__WHAT THIS TASK INVOLVES__:
Exactly as written, output the lines below starting from the first and ending with the line that contains "ほんとはレシピ通りにやるなら"; omit pictures.

(Dataset entries)
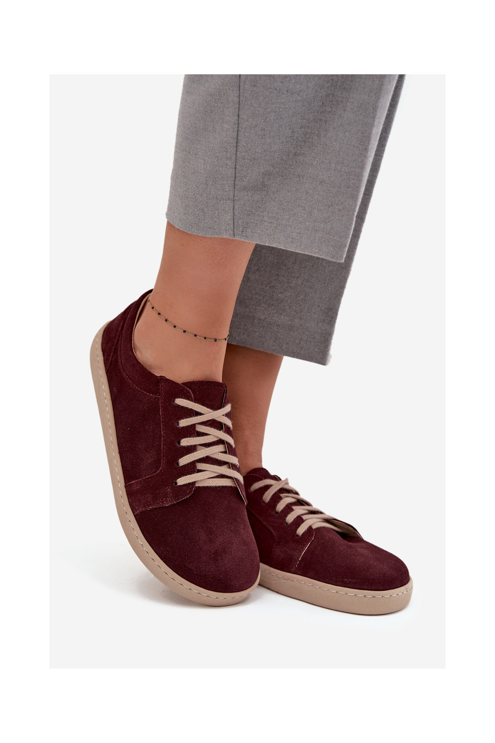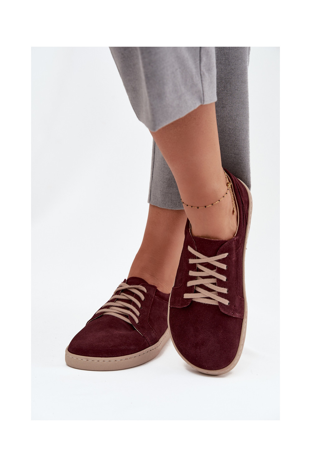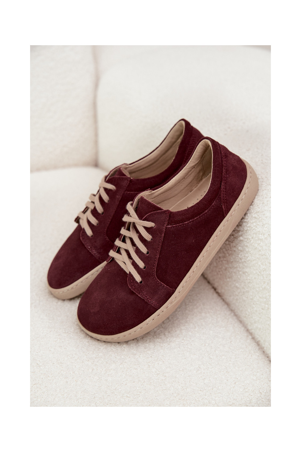 Laisvalaikio natūralaus zomšo batai "Barefoot" tipo Zazoo 314 bordo spalvos
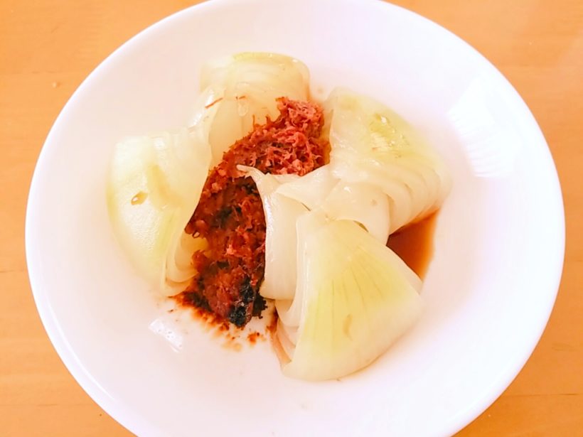 ほんとはレシピ通りにやるなら一缶まるごと玉ねぎに詰め込まなきゃなんですが、正直半缶くらいで丁度いいなと思いました。
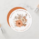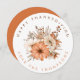 Uma na moda para enviar suas saudações de Ação de Graças a amigos e familiares em estilo circular e um belo buquê de flores e folhagem, com bagas e trigo em cores de outono de marrom, creme e laranja. Sua saudação está curvada no topo, e seus nomes curvados abaixo. Na parte de trás está um fundo marrom coordenado, com suas saudações e nomes em branco. Todo o texto pode ser facilmente personalizado com seus detalhes e outras alterações podem ser feitas se você quiser criar um plano de fundo e cores de texto por meio da opção personalizar mais.
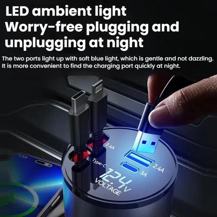 100W Metal Car Retractable Cable Cigarette Lighter Charger
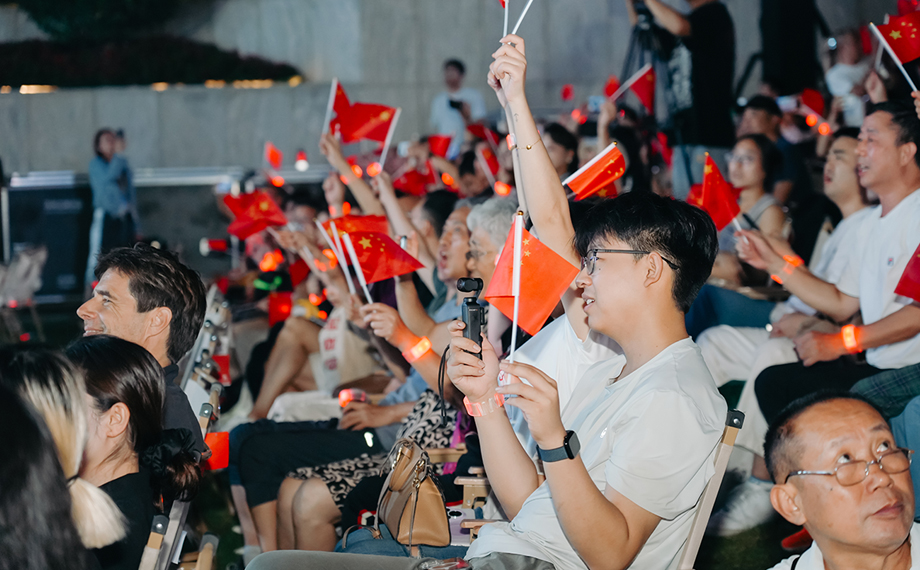 舞臺下,閃爍的熒光手環和舞動的小紅旗則是觀眾們的熱烈應答。市民張女士與孩子一起席地而坐,一起欣賞著樂團的演奏,一邊在報幕的間隙為孩子解釋影片和樂曲的背景。她說:“有些電影我小時候看過,配樂非常經典,在蘇交的演繹下更顯氣勢磅礴。在今天這個日子里,這一場音樂會既是藝術的盛宴,更是一次家國情懷的滋養。”

__PROBLEM SOLUTION__:
 Laisvalaikio natūralaus zomšo batai "Barefoot" tipo Zazoo 314 bordo spalvos
 ほんとはレシピ通りにやるなら一缶まるごと玉ねぎに詰め込まなきゃなんですが、正直半缶くらいで丁度いいなと思いました。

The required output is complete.